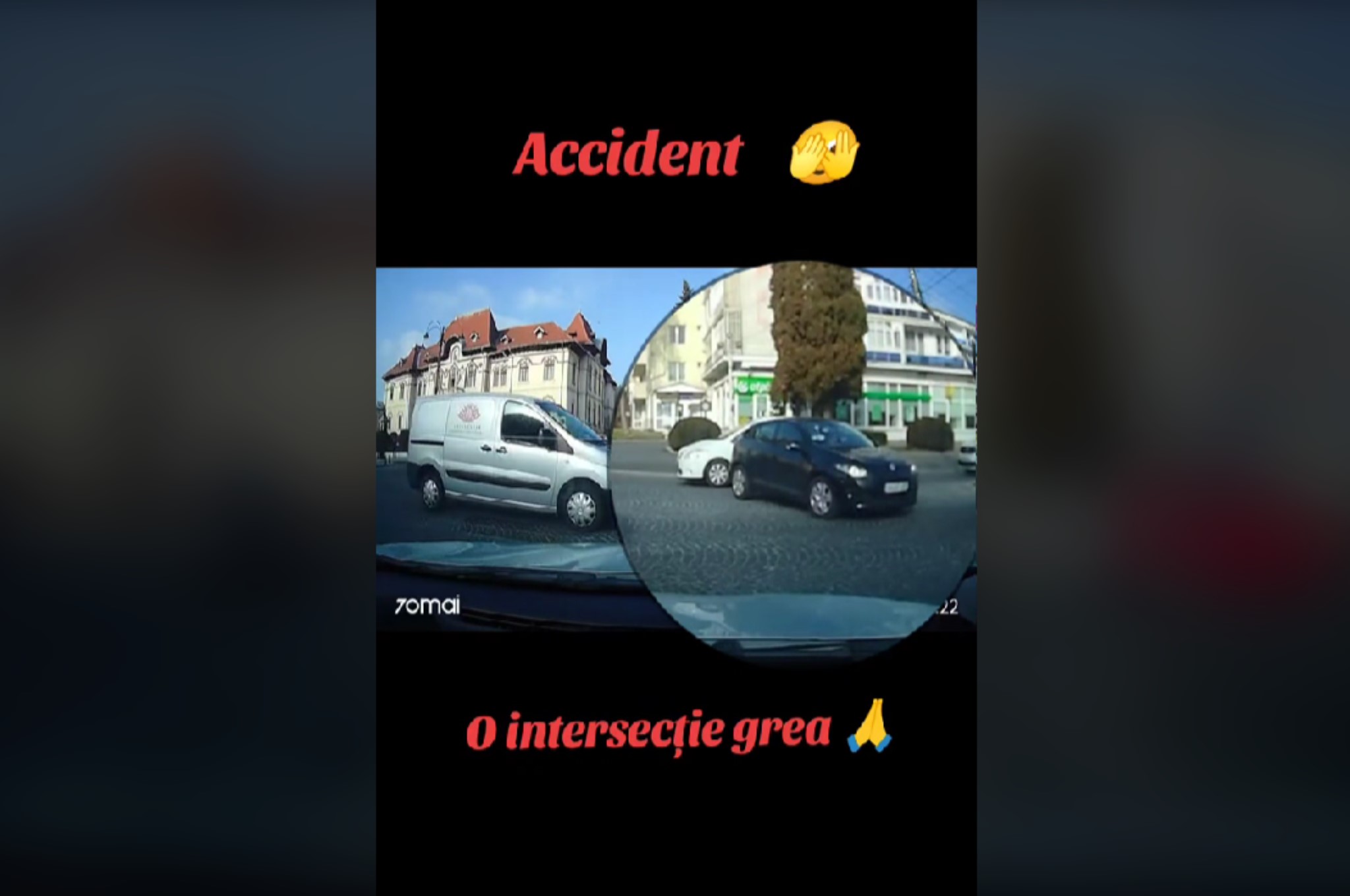 A staționat pentru că, dinspre Bulevard pe Negru Vodă venea o mașină care avea prioritate. Fără să se uite în retrovizoare, a dat cu spatele să facă loc turismului cu prioritate. Numai că, în spate era mașina albă staționată.
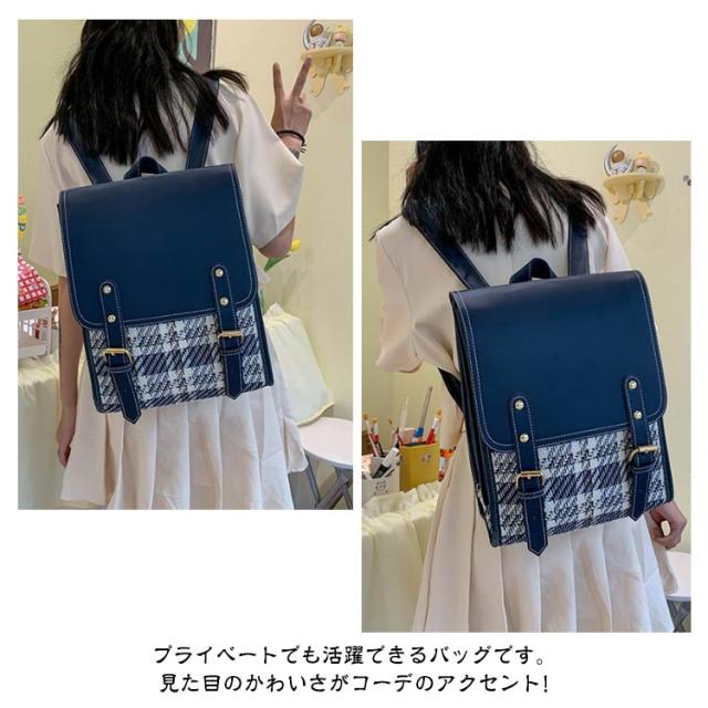 | 軽量 バックパック 通勤・通学・遠足 プライベートでも活躍できるバッグです。見た目のかわいさがコーデのアクセント! おしゃれでかわいらしいバックパックー。 制服にもぴったり? 普段使いでもカバンがコーデを引き立たせてくれる! コンパクトなのに収納力◎ 細かい物・大きな物と分けて入れることが可能IPadも入るので通学の際にも活用できます! 見た目はコンパクトなのに収納スペースがたくさん! <お勧めポイント> 【多収納】 コンパクトなのに多収納で細かなものを分けたりすることができます。 【普段使いにも◎】 普段使いはもちろんのこと通学・習い事・遠足など幅広く使えるリュックサックです。 【チェックがアクセント】 チェック柄がアクセントになりコーデの1つとしてオススメです!! <details> 調整ベルト ゴールドの金具 磁石のボタン 丁寧に縫われた縫い目 | |
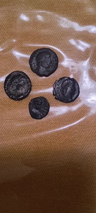 Set di quattro monete antiche romane. Ogni moneta presenta un profilo. - Quattro monete incluse. - Dettagli del profilo visibili.

## What is being asked
Return the whole listing word for word, minus its pictures.

## Solution for this problem
 A staționat pentru că, dinspre Bulevard pe Negru Vodă venea o mașină care avea prioritate. Fără să se uite în retrovizoare, a dat cu spatele să facă loc turismului cu prioritate. Numai că, în spate era mașina albă staționată.
 | 軽量 バックパック 通勤・通学・遠足 プライベートでも活躍できるバッグです。見た目のかわいさがコーデのアクセント! おしゃれでかわいらしいバックパックー。 制服にもぴったり? 普段使いでもカバンがコーデを引き立たせてくれる! コンパクトなのに収納力◎ 細かい物・大きな物と分けて入れることが可能IPadも入るので通学の際にも活用できます! 見た目はコンパクトなのに収納スペースがたくさん! <お勧めポイント> 【多収納】 コンパクトなのに多収納で細かなものを分けたりすることができます。 【普段使いにも◎】 普段使いはもちろんのこと通学・習い事・遠足など幅広く使えるリュックサックです。 【チェックがアクセント】 チェック柄がアクセントになりコーデの1つとしてオススメです!! <details> 調整ベルト ゴールドの金具 磁石のボタン 丁寧に縫われた縫い目 | |
 Set di quattro monete antiche romane. Ogni moneta presenta un profilo. - Quattro monete incluse. - Dettagli del profilo visibili.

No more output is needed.